**How to complete this task**
Output only the lines below from the one holding "聞い派の夢幻の小鎮の幼稚園の" down to the one holding "Peu importe le", both end lines included and every picture dropped.

[Supplied data — start]

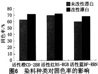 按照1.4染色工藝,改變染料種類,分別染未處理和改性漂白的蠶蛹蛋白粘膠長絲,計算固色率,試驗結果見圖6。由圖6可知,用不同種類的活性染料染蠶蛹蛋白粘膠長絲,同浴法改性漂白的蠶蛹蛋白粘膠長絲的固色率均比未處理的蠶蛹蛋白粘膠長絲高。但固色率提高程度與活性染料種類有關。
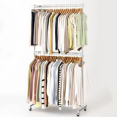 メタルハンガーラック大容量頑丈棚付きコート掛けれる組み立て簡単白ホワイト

[Supplied data — finish]
[Supplied data — start]

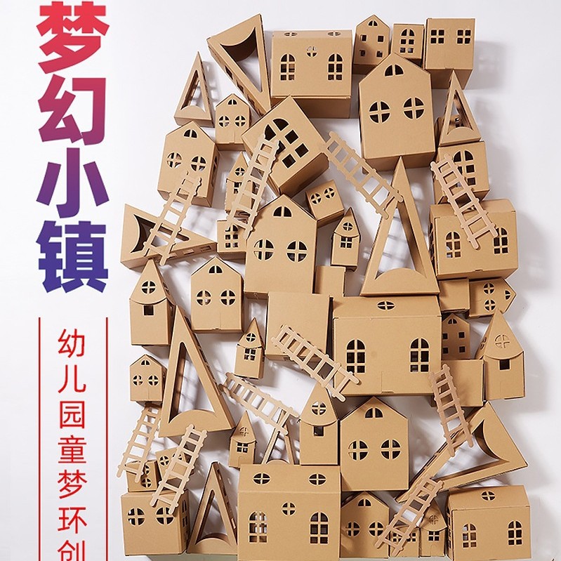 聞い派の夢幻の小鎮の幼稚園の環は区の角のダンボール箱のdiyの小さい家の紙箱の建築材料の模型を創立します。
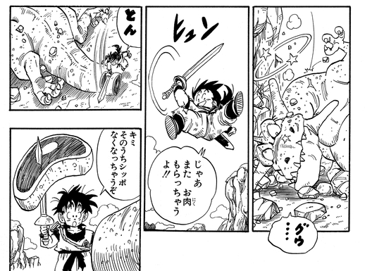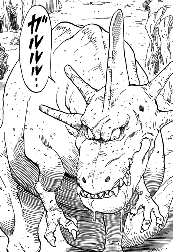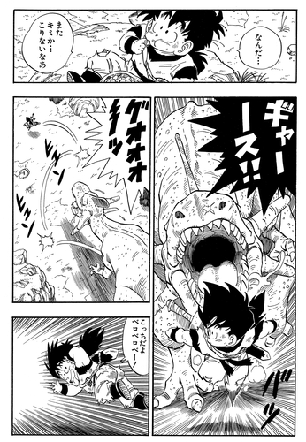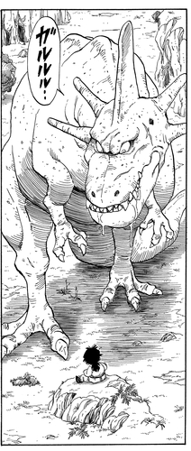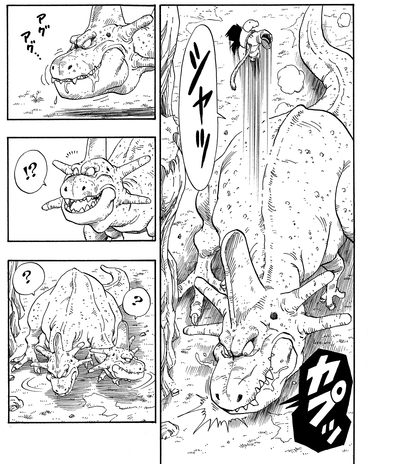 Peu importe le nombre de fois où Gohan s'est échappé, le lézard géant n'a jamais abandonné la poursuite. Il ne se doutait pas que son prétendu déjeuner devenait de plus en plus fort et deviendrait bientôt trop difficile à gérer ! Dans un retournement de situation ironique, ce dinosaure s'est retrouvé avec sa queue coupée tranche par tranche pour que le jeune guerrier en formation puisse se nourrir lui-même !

[Supplied data — finish]

**Response area**
 聞い派の夢幻の小鎮の幼稚園の環は区の角のダンボール箱のdiyの小さい家の紙箱の建築材料の模型を創立します。
 Peu importe le nombre de fois où Gohan s'est échappé, le lézard géant n'a jamais abandonné la poursuite. Il ne se doutait pas que son prétendu déjeuner devenait de plus en plus fort et deviendrait bientôt trop difficile à gérer ! Dans un retournement de situation ironique, ce dinosaure s'est retrouvé avec sa queue coupée tranche par tranche pour que le jeune guerrier en formation puisse se nourrir lui-même !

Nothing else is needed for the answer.